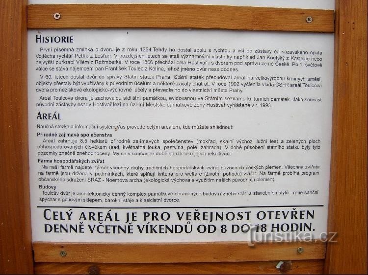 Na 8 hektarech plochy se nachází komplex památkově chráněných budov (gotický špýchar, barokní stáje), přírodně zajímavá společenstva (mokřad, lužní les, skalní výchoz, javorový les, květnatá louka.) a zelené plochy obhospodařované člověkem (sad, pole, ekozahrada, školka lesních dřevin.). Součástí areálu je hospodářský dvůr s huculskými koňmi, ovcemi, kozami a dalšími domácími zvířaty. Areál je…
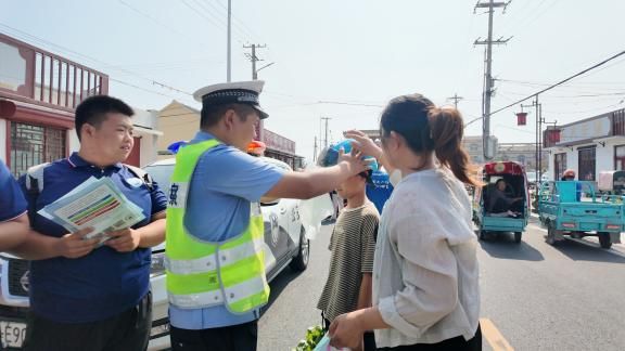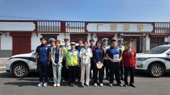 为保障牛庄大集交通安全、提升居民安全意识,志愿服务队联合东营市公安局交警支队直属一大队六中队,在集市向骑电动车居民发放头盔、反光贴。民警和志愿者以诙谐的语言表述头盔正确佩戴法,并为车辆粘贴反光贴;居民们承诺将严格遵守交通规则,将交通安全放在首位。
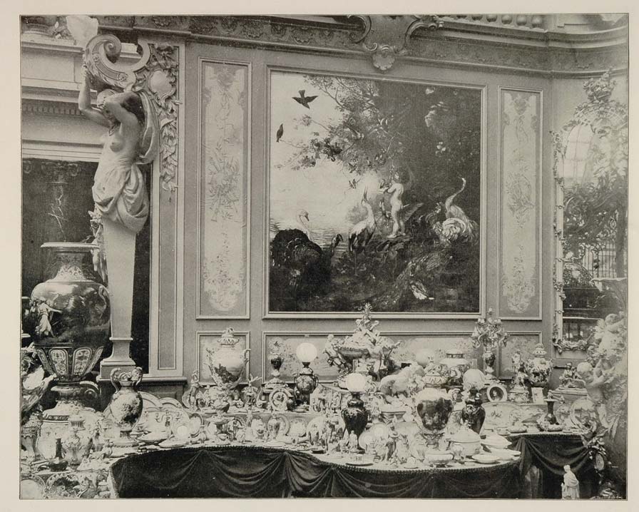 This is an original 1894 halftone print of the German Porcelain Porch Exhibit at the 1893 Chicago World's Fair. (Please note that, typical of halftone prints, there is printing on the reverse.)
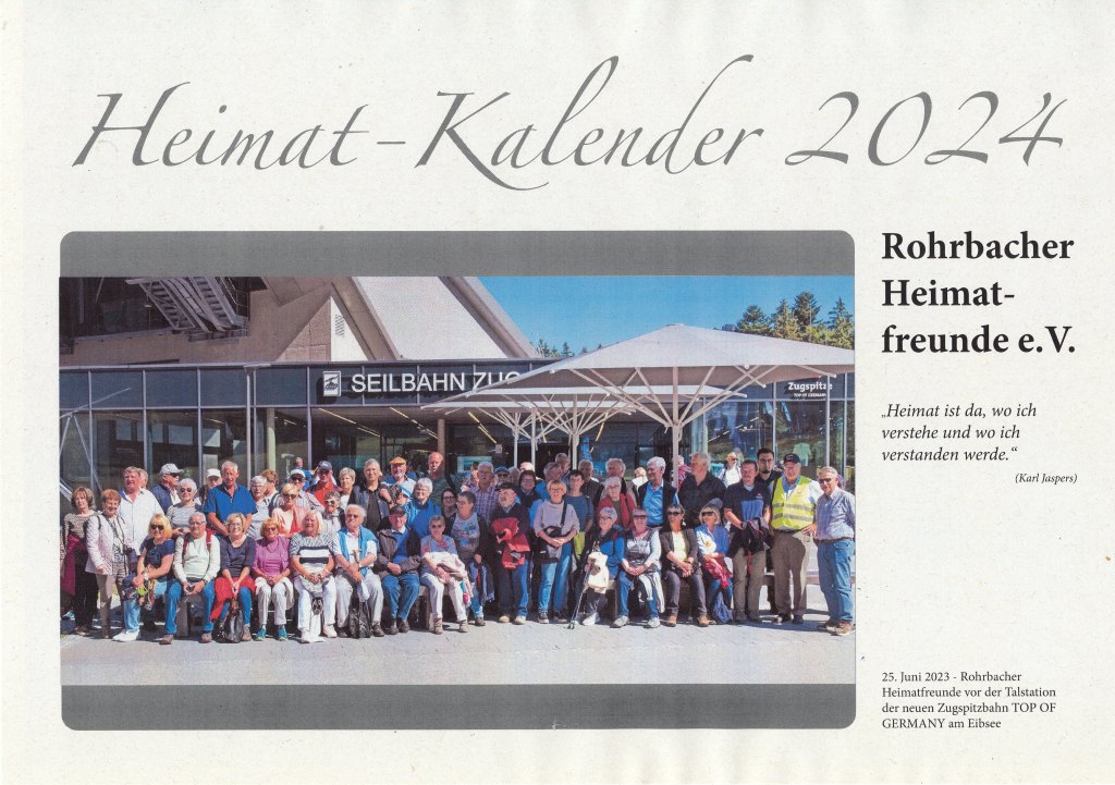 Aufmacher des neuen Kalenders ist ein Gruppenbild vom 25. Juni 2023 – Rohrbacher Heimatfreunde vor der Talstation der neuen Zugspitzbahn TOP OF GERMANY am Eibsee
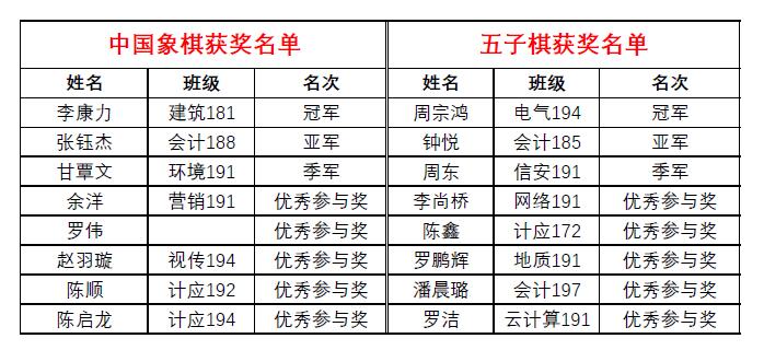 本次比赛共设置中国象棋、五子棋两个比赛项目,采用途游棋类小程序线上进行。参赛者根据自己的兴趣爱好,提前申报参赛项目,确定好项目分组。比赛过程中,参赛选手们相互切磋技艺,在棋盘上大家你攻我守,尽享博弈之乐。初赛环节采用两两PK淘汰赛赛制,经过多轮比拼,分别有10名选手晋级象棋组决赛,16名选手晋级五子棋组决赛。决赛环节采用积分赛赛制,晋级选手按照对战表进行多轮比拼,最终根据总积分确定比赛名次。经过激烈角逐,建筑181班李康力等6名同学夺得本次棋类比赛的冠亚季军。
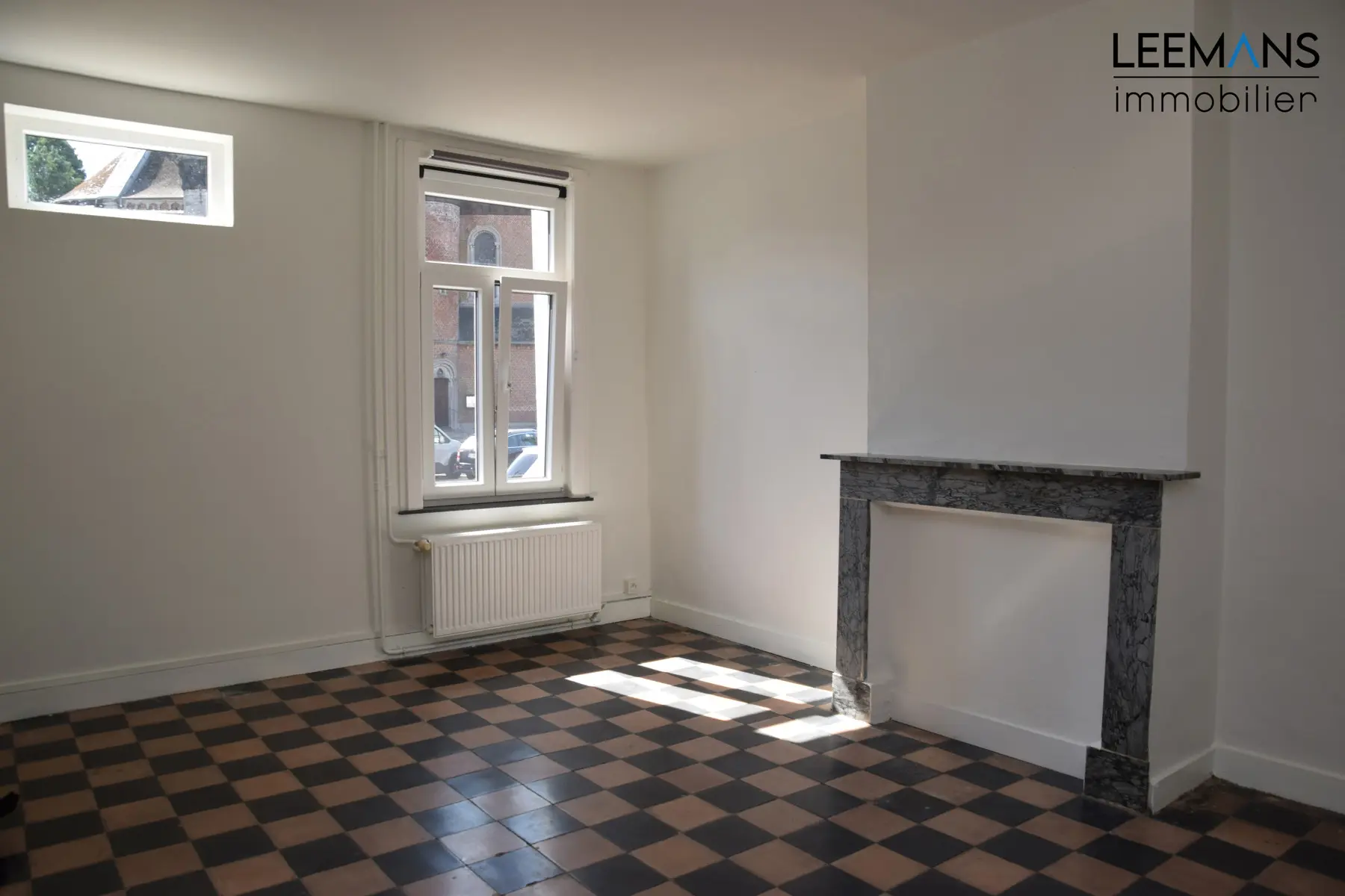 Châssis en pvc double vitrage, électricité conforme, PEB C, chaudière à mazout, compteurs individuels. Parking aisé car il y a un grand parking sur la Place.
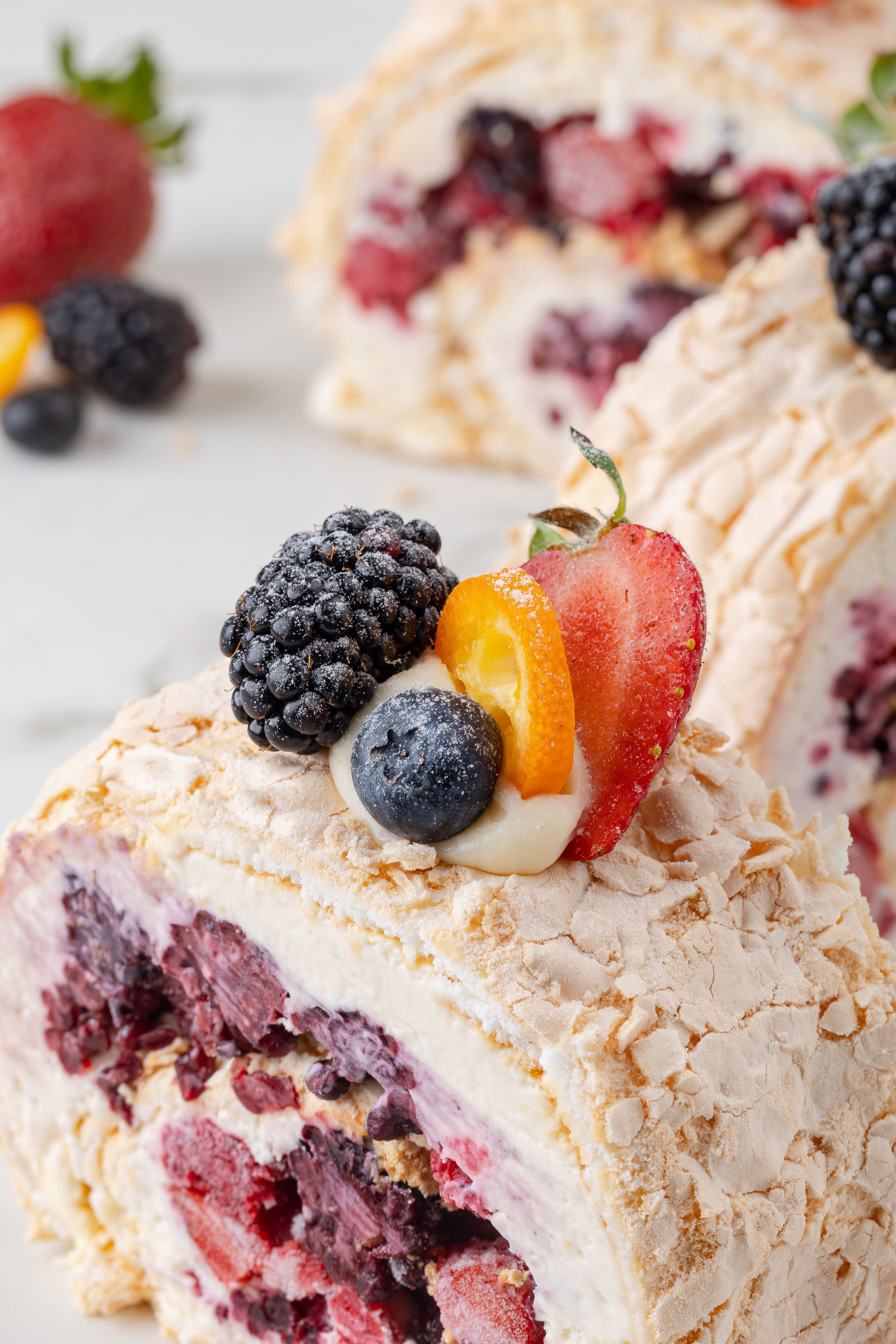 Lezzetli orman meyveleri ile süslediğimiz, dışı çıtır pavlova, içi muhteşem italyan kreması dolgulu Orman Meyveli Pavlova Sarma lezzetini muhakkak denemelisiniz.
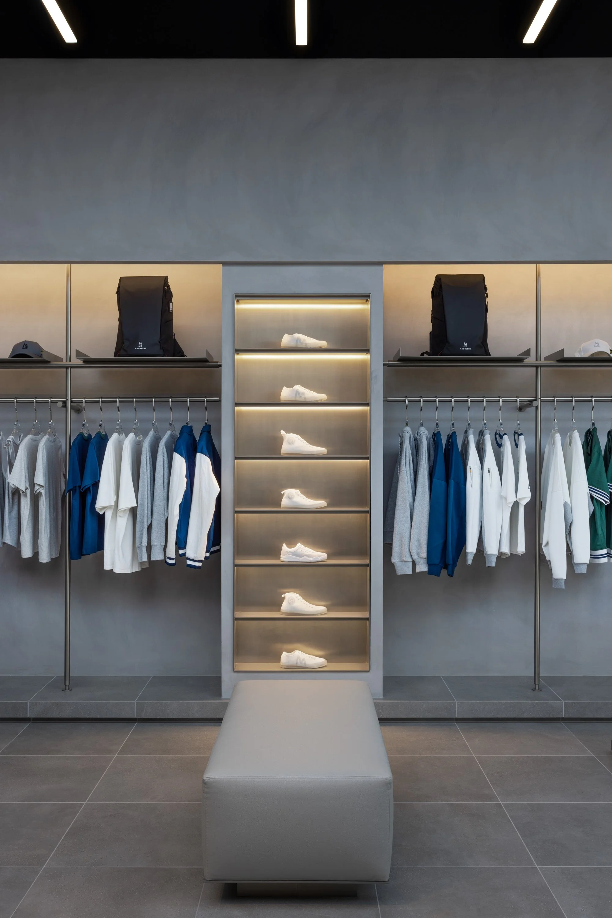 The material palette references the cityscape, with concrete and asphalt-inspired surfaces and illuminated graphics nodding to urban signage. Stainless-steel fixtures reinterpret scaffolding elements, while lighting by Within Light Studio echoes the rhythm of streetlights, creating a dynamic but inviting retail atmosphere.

------------

PROBLEM: Return every record exactly, leaving out the pictures.

ANSWER FOR THE TASK:
 Na 8 hektarech plochy se nachází komplex památkově chráněných budov (gotický špýchar, barokní stáje), přírodně zajímavá společenstva (mokřad, lužní les, skalní výchoz, javorový les, květnatá louka.) a zelené plochy obhospodařované člověkem (sad, pole, ekozahrada, školka lesních dřevin.). Součástí areálu je hospodářský dvůr s huculskými koňmi, ovcemi, kozami a dalšími domácími zvířaty. Areál je…
 为保障牛庄大集交通安全、提升居民安全意识,志愿服务队联合东营市公安局交警支队直属一大队六中队,在集市向骑电动车居民发放头盔、反光贴。民警和志愿者以诙谐的语言表述头盔正确佩戴法,并为车辆粘贴反光贴;居民们承诺将严格遵守交通规则,将交通安全放在首位。
 This is an original 1894 halftone print of the German Porcelain Porch Exhibit at the 1893 Chicago World's Fair. (Please note that, typical of halftone prints, there is printing on the reverse.)
 Aufmacher des neuen Kalenders ist ein Gruppenbild vom 25. Juni 2023 – Rohrbacher Heimatfreunde vor der Talstation der neuen Zugspitzbahn TOP OF GERMANY am Eibsee
 本次比赛共设置中国象棋、五子棋两个比赛项目,采用途游棋类小程序线上进行。参赛者根据自己的兴趣爱好,提前申报参赛项目,确定好项目分组。比赛过程中,参赛选手们相互切磋技艺,在棋盘上大家你攻我守,尽享博弈之乐。初赛环节采用两两PK淘汰赛赛制,经过多轮比拼,分别有10名选手晋级象棋组决赛,16名选手晋级五子棋组决赛。决赛环节采用积分赛赛制,晋级选手按照对战表进行多轮比拼,最终根据总积分确定比赛名次。经过激烈角逐,建筑181班李康力等6名同学夺得本次棋类比赛的冠亚季军。
 Châssis en pvc double vitrage, électricité conforme, PEB C, chaudière à mazout, compteurs individuels. Parking aisé car il y a un grand parking sur la Place.
 Lezzetli orman meyveleri ile süslediğimiz, dışı çıtır pavlova, içi muhteşem italyan kreması dolgulu Orman Meyveli Pavlova Sarma lezzetini muhakkak denemelisiniz.
 The material palette references the cityscape, with concrete and asphalt-inspired surfaces and illuminated graphics nodding to urban signage. Stainless-steel fixtures reinterpret scaffolding elements, while lighting by Within Light Studio echoes the rhythm of streetlights, creating a dynamic but inviting retail atmosphere.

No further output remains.